• [PROBLEM DETAILS]:
Where an image appears in the data, omit it and reproduce the rest exactly.

• [RAW DATA]:
-----

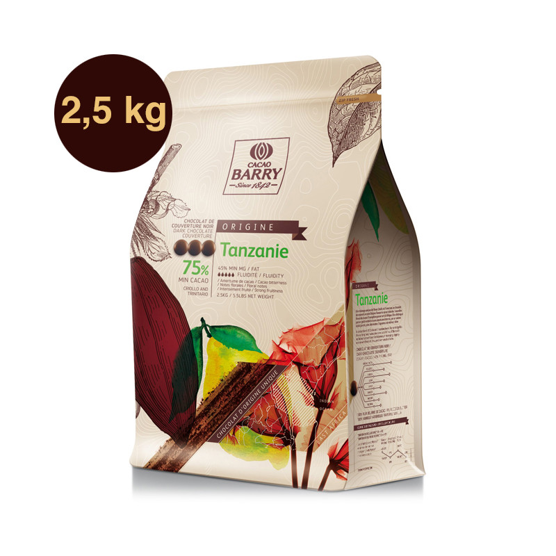 Alliant harmonieusement l'acidité à l’amertume intense du cacao, ce chocolat de couverture noir Origine Tanzanie s'agrémente de belles notes florales.
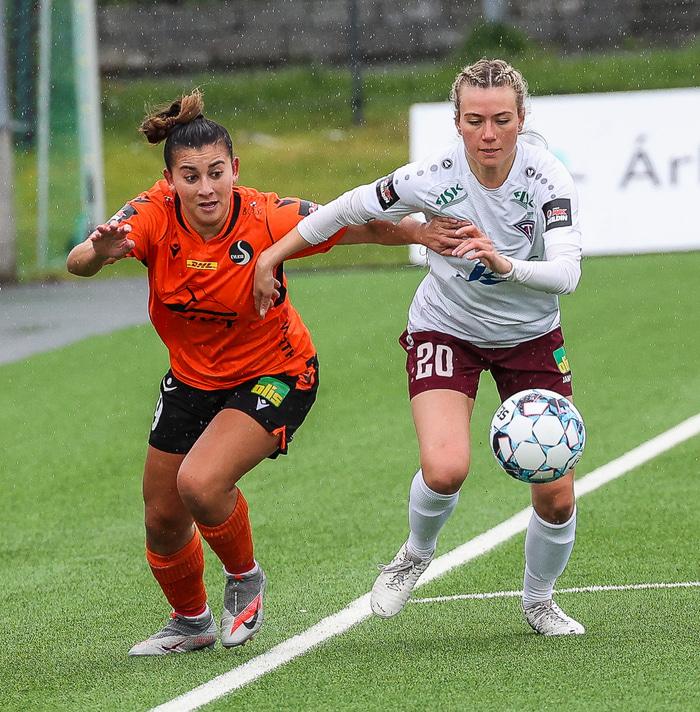 Agla María Albertsdóttir átti yfir tíu tilraunir að marki Þróttar í gærkvöldi. Hún reyndi mikið sjálf og markið lét bíða eftir sér. Það kom undir lokin þegar Agla María jafnaði með óverjandi skoti upp í samskeytin fjær. Linda Líf Boama var virkilega öflug í leiknum, reyndist varnarmönnum Blika erfið og skoraði annað af mörkum Þróttar í leiknum. Hún átti þá lykilsendingu í seinna markinu.
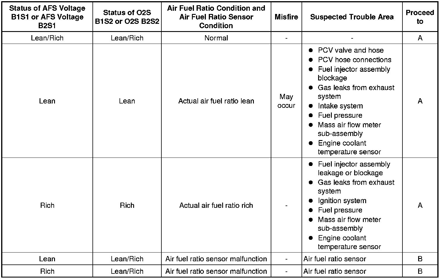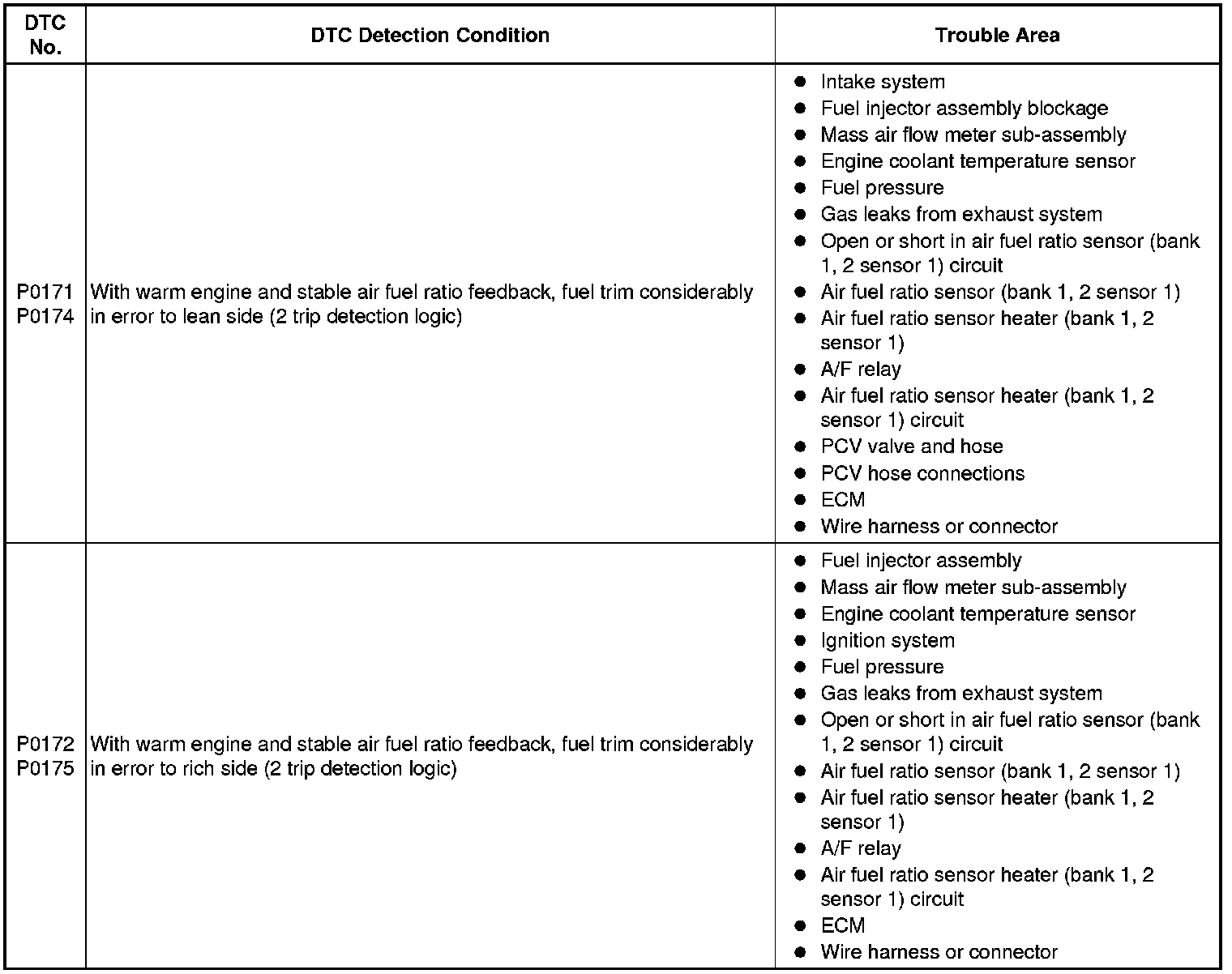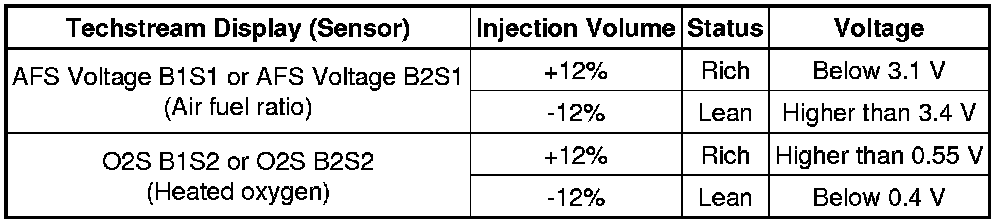 * When DTC P0171 or P0174 is set, the actual air fuel ratio is on the lean side. When DTC P0172 or P0175 is set, the actual air fuel ratio is on the rich side.

-----

• [RESPONSE TO THIS TASK]:
 Alliant harmonieusement l'acidité à l’amertume intense du cacao, ce chocolat de couverture noir Origine Tanzanie s'agrémente de belles notes florales.
 Agla María Albertsdóttir átti yfir tíu tilraunir að marki Þróttar í gærkvöldi. Hún reyndi mikið sjálf og markið lét bíða eftir sér. Það kom undir lokin þegar Agla María jafnaði með óverjandi skoti upp í samskeytin fjær. Linda Líf Boama var virkilega öflug í leiknum, reyndist varnarmönnum Blika erfið og skoraði annað af mörkum Þróttar í leiknum. Hún átti þá lykilsendingu í seinna markinu.
 * When DTC P0171 or P0174 is set, the actual air fuel ratio is on the lean side. When DTC P0172 or P0175 is set, the actual air fuel ratio is on the rich side.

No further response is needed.